Student Posters 51st Lorne Proteins Conference 2026

Characterisation of dihydroceramide desaturase (DES1) regulation (#149)

Thomas A. Lymburn 1 , Paul A. B. Moretti 1 , Leeann Desouza 1 , Stuart M. Pitson 1 , Melissa R. Pitman 1
  1. Adelaide University, Adelaide, SA, Australia

Sphingolipids play varying roles within cells of eukaryotic organisms and are integral components in cell membranes, vesicles and as signalling molecules1. Within the de novo synthesis pathway, dihydroceramide desaturase (DES1) is a critical enzyme within the sphingolipid pathway, inserting a double bond into its substrate dihydroceramide to produce ceramide, which is a precursor for complex sphingolipids and their derivatives1. The irreversible Des1 desaturation reaction therefore, controls the saturation of the cellular sphingolipidome, as many downstream enzymes are capable of using both the saturated and desaturated forms of ceramide.
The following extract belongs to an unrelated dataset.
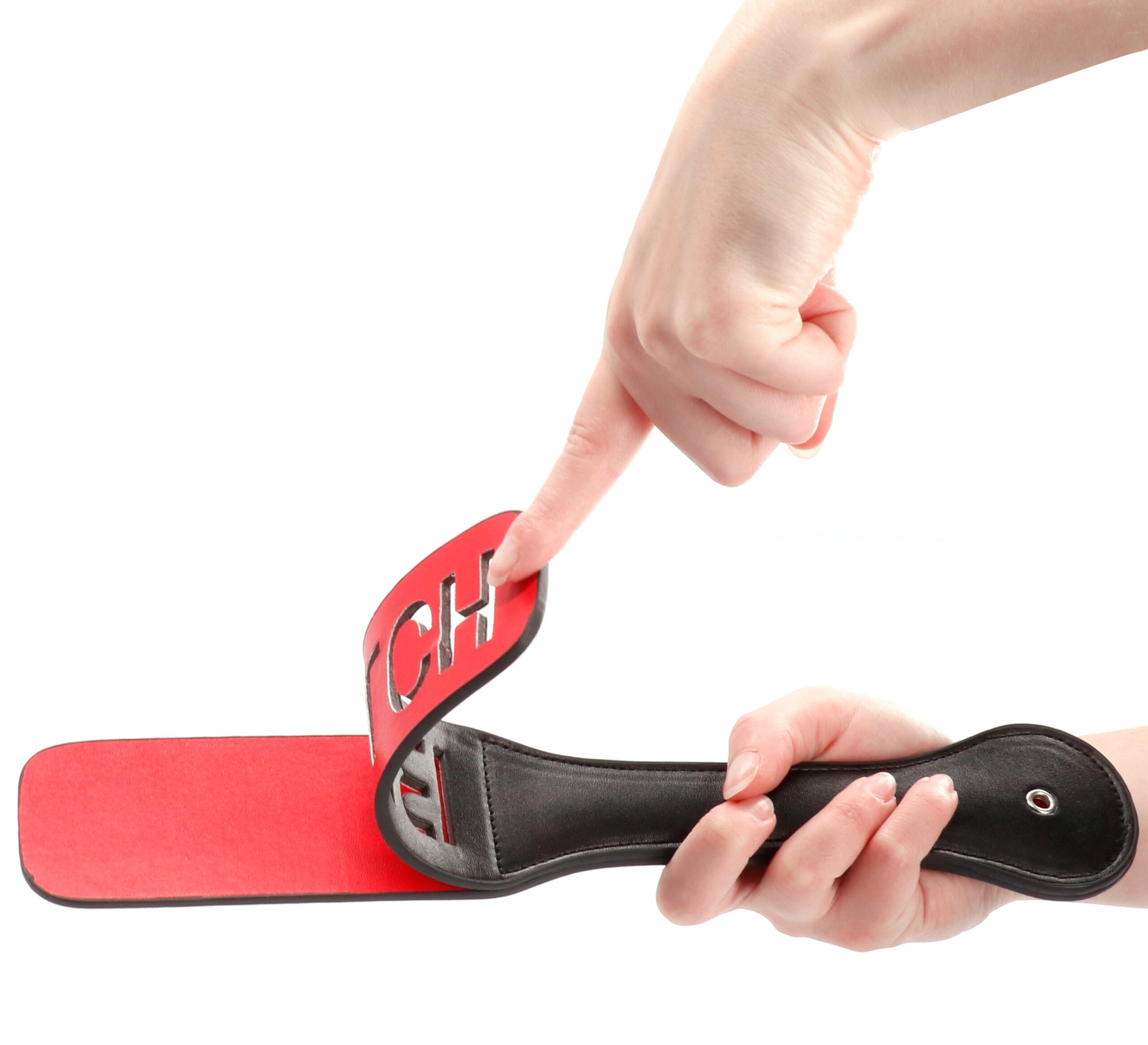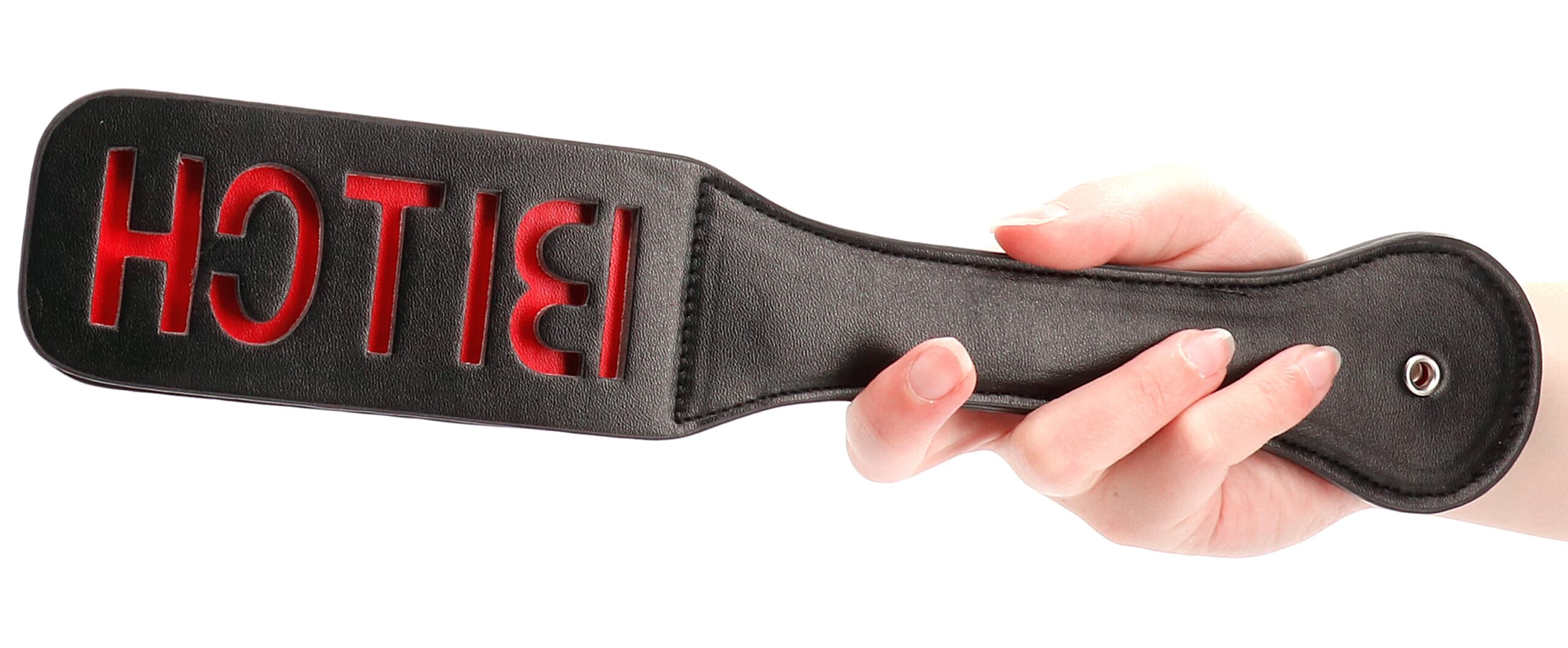 Le paddle Bitch est un accessoire conçu avec une longueur de 32 cm.Il a deux bandes qui claquent et apportent de l’intensité. La largeur est de 5.5 cm. En simili

Saturated (dihydro) and non-saturated sphingolipids have distinct cellular functions due to differences in their rigidity and packing structure in lipid membranes2. Research into the role of saturated sphingolipids is in its early stages, however their potentially pathogenic roles in human disease are becoming increasingly apparent, with implications in cancer, metabolic and cardiovascular diseases2. Hypomyelinating Leukodystrophy (HLD) is a rare neurogenerative disease caused by loss of myelination in white matter tissue with no current curative therapy. In recent years, three separate studies have linked HLD to loss-of-function mutations in dihydroceramide desaturase3-5. To investigate the mechanisms by which DES1 is regulated and by which activity is lost, a series of expression constructs containing non-pathogenic DES1 variants, point mutations linked to HLD and post-translational modification sites were made. DES1 variants were assessed using a High-Performance Liquid Chromatography (HPLC) assay and protein structural modelling. Pathogenic HLD variants were screened for their ability to bind co-factor protein Cytochrome B5 type A (CYB5A) by co-immunoprecipitation. DES1 phosphorylation null mutants were assessed for their impacts on enzyme activity and protein stability. Here we show the potential role of patient and phosphorylation mutants on DES1 enzyme activity, protein interactions and stabilisation. These studies are the first to investigate how phosphorylation may regulate DES1 function and uncover new mechanisms of de novo sphingolipid synthesis regulation. Uncovering new mechanisms of DES1 regulation presents novel targets for modulation of DES1 activity in disease.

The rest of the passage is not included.